[Data records]
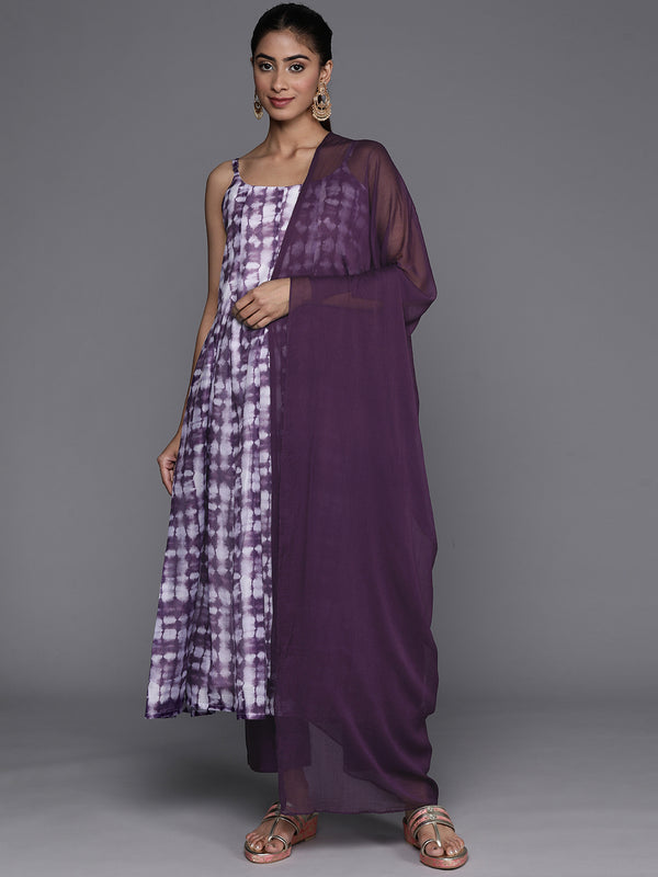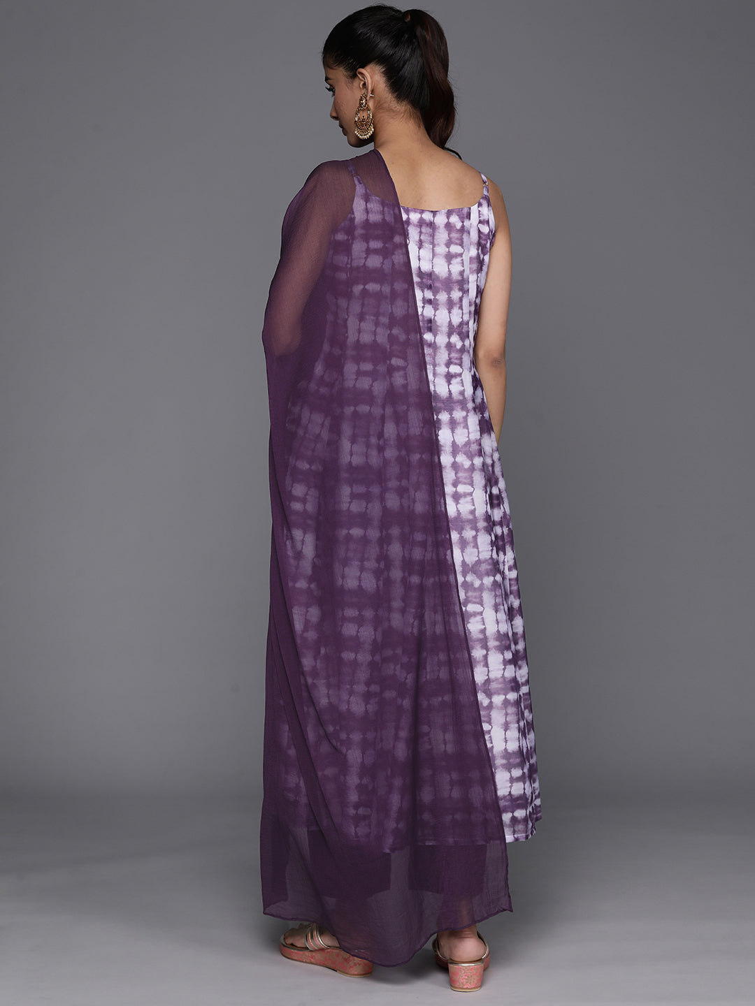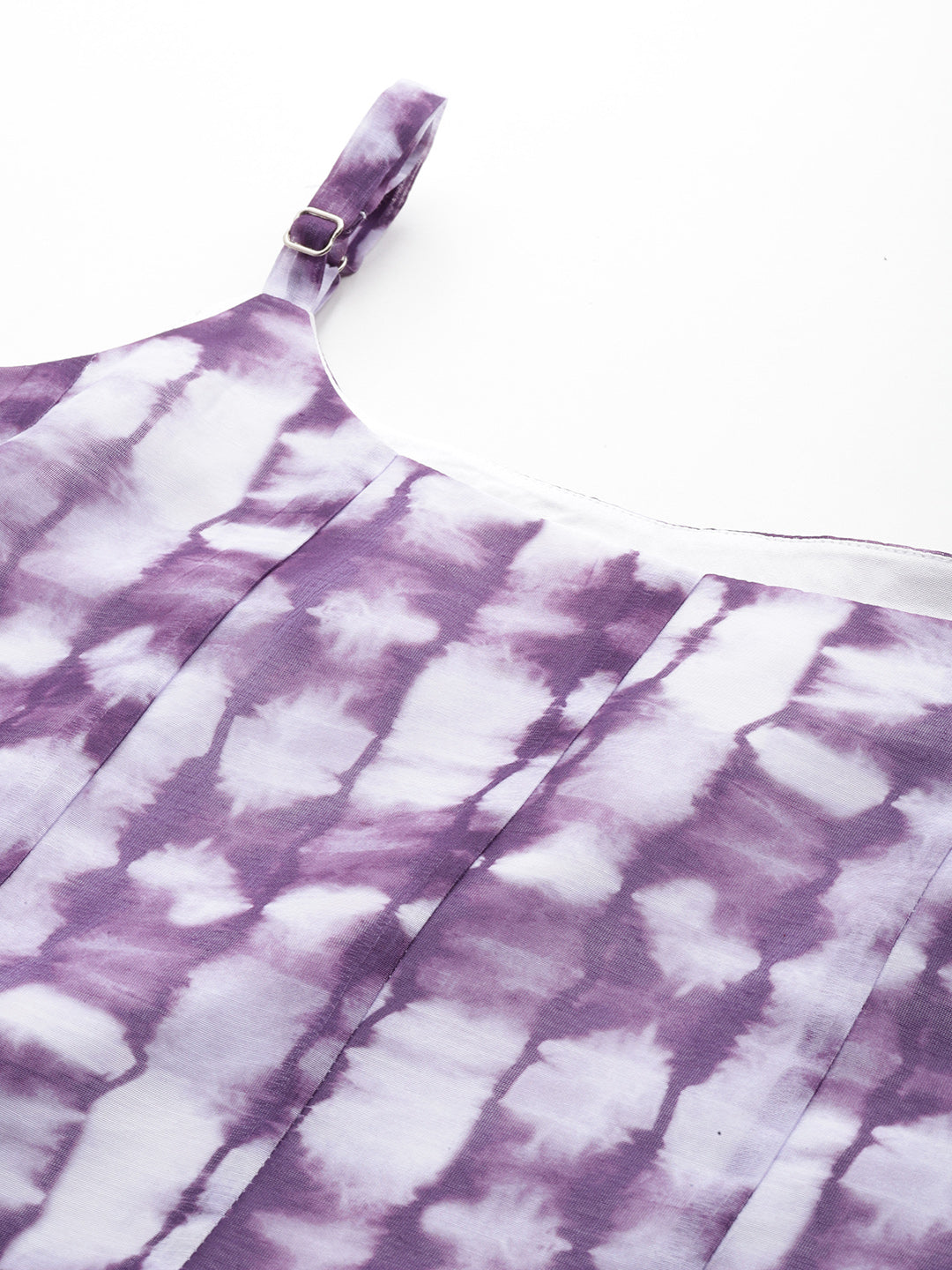 Violet Shibori Printed Spaghetti Strap Anarkali Style Kurta Paired With Tonal Solid Bottom And Tonal Solid Dupatta
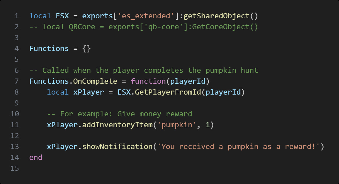 The resource is pretty much drag and drop. The database will automatically be created if it doesn’t exist yet. You only need to manually configure the reward for when a player found all pumpkins.
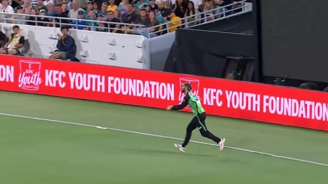 ম্যাক্সওয়েল ডানদিকে দ্রুত দৌড়ে যান, নিখুঁত লাফ দিয়ে এক হাতে বলটি থামালেন। এই অসাধারণ লাফের সময়, তিনি নিজের ভারসাম্য বজায় রাখলেন। বলটি মাঠের মধ্যে ফিরিয় এনে নিজ হাতেই লুফে নিলেন ক্যাচটি। এ ধরনের ফিল্ডিং সচরাচর তো দেখা যায় না।
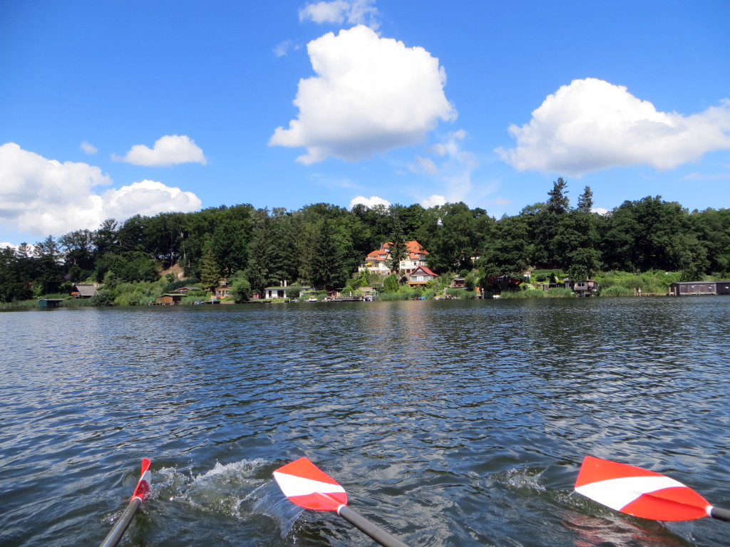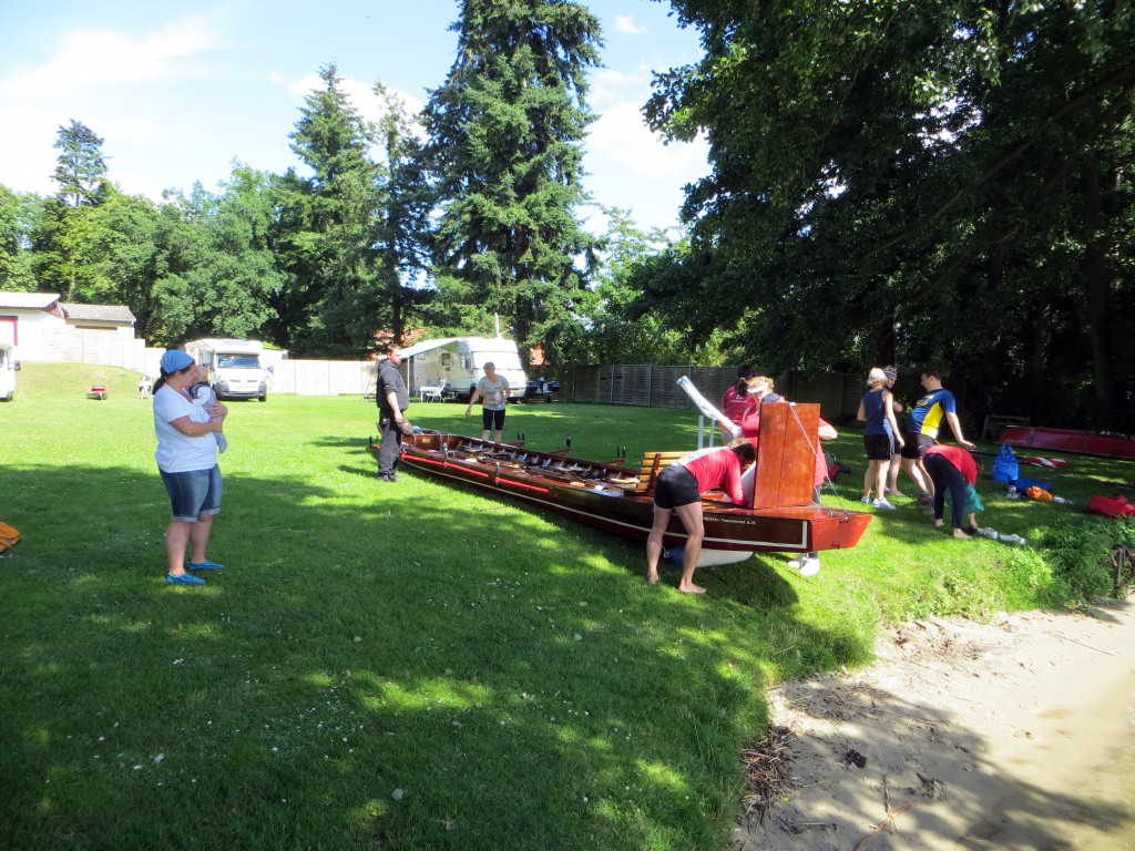 22. Juli 2012: Die Sonne lacht uns morgens an. Nach dem eher schlechten Wetter der letzten Wochen macht das Hoffnung auf eine trockene Woche. Da noch nicht die gesamte Mannschaft vor Ort ist, ist erst einmal eine kleine Runde zum Warmfahren geplant. Zuerst geht es aber in Richtung Flecken, um dort eine Mitruderin direkt aus dem eigenen Garten abzuholen. Unter bzw. sogar in der Weide angelegt, gibt es zur Begrüßung erst einmal einen Becher Wein.
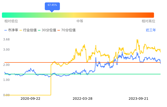 丽江股份当前市净率PB为2.21,在所属的旅游及景区中,市净率PB排5,前五名分别为中青旅市净率1.42、黄山旅游市净率2.06、峨眉山A市净率2.18、三特索道市净率2.18、丽江股份市净率2.21。丽江股份当前市净率PB为2.08,超过近3年67.45%的历史数据。
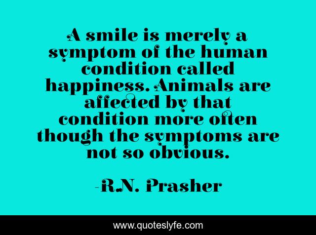 This page presents the quote "A smile is merely a symptom of the human condition called happiness. Animals are affected by that condition more often though the symptoms are not so obvious.". Author of this quote is R.N. Prasher. This quote is about witty, animals, humans, happiness, smile,.
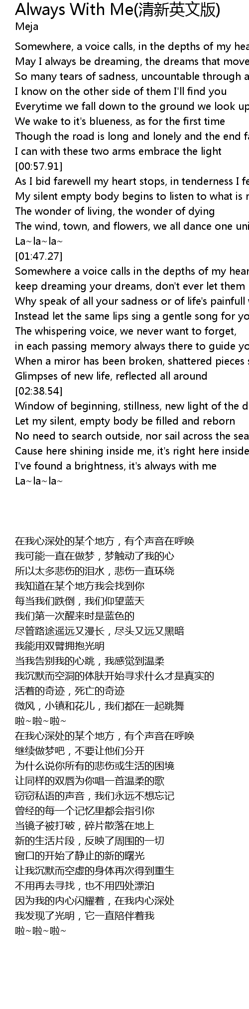Always With Me Lyrics - Added on august 24, 2017.
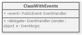 You can also model events and delegates using UML tool Software Ideas Modeler. Events are modeled as UML attributes with an event stereotype. Delegates are modeled as UML operations with a delegate stereotype.
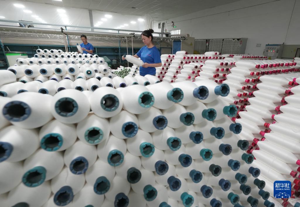 9月19日,工人在晉州市一家紡織企業的生產車間工作。

- [Problem]: The lines from the one containing "You can also" through the last line of the records are what you should copy, word for word and nothing else, with pictures left out.

- [Output below]:
 You can also model events and delegates using UML tool Software Ideas Modeler. Events are modeled as UML attributes with an event stereotype. Delegates are modeled as UML operations with a delegate stereotype.
 9月19日,工人在晉州市一家紡織企業的生產車間工作。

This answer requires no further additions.